Анна Владимировна снова вздохнула.
— Пока ребятенка не будет, и без росписи можно пожить… Ты ведь один у матери?
— Один.
— Ширмочку поставите или отгородитесь.
После смерти бабушки мать часто говорила, что наша комната для нее — покой, отдых. Она любила, спустив на кончик носа очки, читать по вечерам, держа книгу или газету на отлете; иногда штопала носки, пришивала к наволочкам пуговицы; когда я советовал ей отдохнуть, отвечала: «Это и есть мой отдых». Поселиться с женой в нашей комнате было бы нахальством, я и не помышлял об этом, твердо сказал Анне Владимировне, что нам временно придется или снимать комнату, или жить врозь.
— Полагаешь, не уживутся? — спросила она.

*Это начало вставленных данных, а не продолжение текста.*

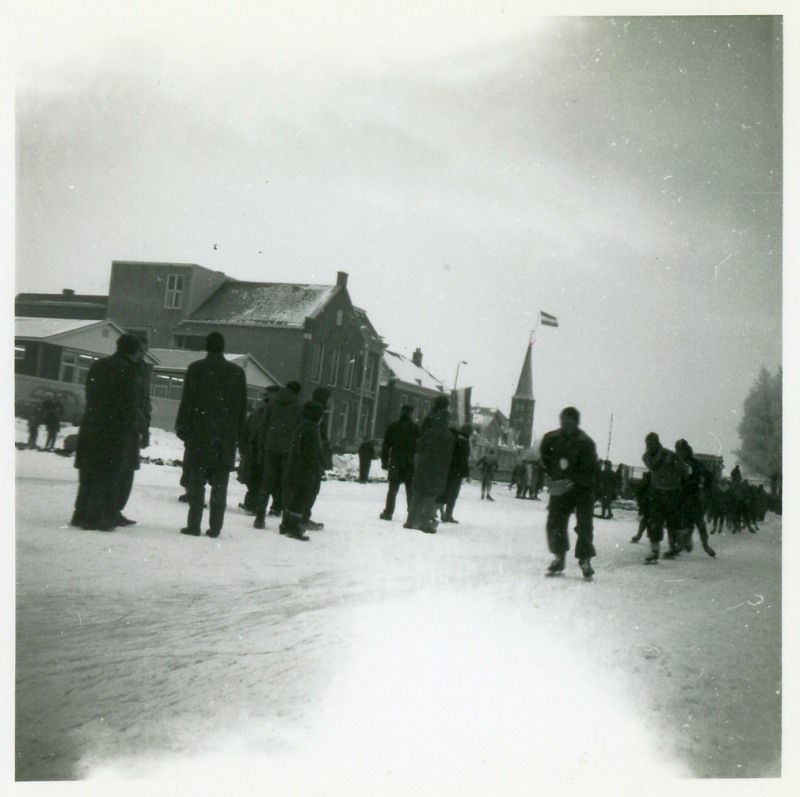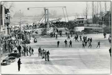 Veel drukte op de Ie bij de elfstedentocht van 1963. Het was erg koud en er lag

Я не стал объяснять, почему не хочу стеснять мать: это было личным, сыновьим чувством.
Пила чай Анна Владимировна с блюдечка, держа его на растопыренных пальцах, шумно дула, складывая губы сердечком и округляя крепкие, налитые щеки. Раскалывая сахар блестящими щипчиками, говорила мне:
— Побольше в чашку клади. При твоей болезни от сахара польза.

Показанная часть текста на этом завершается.